= Heinrich von Dissen =

German Carthusian theologian and writer

Heinrich von Dissen (born 18 October 1415, at Osnabrück in Westphalia; died at Cologne, 26 November 1484) was a German Carthusian theologian and writer.

==Life==
After studying philosophy and theology at Cologne under Heinrich von Gorinchem (Gorkum), a celebrated theologian of the 15th century and vice-chancellor of the university, Heinrich von Dissen became a monk at the Carthusian monastery in Cologne. He took his solemn vows 14 January 1437 and remained at the monastery for the rest of his life. He labored diligently, reading, copying many books for the library of the monastery, and composing numerous works.

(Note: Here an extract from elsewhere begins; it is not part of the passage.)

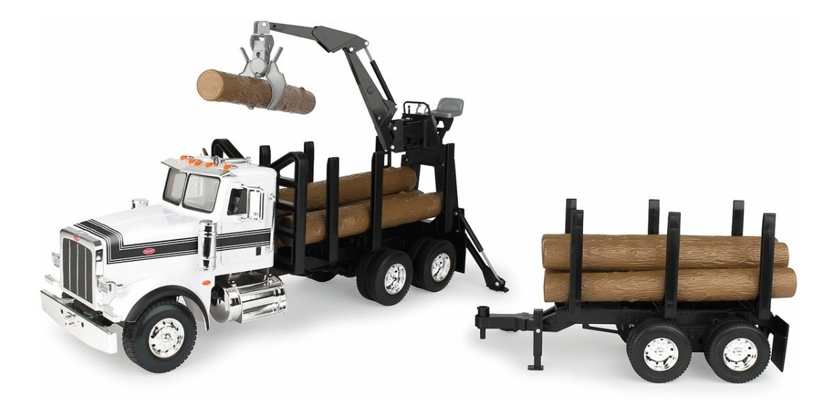 Conteúdo: 1 Caminhão Peterbilt 367, 1 Reboque Pup e 10 toras de plástico simuladas.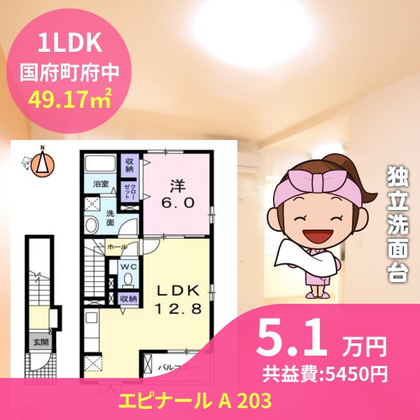 女性に特に喜ばれる独立洗面台のあるお部屋です

He was appointed subprior 23 March 1457 and continued in that office until his death.

==Works==
His literary productions, all in Latin, comprise commentaries on the Psalms, the Apocalypse, The Gospels of the Sundays and Festivals, the Creed of St. Athanasius, and the Lord's Prayer. He also produced a great number of sermons and homilies, treatises, and devotional writings, such as "De Sacerdotii dignitate", "De multiplici bonorum verecundia", "Quo pacto hæreticorum fraudes deprehendi queant", "Expositio in totum Missale", "Expositio Antiphonarii", "Consolationes in Cantica Canticorum", "De XIII mansionibus", etc.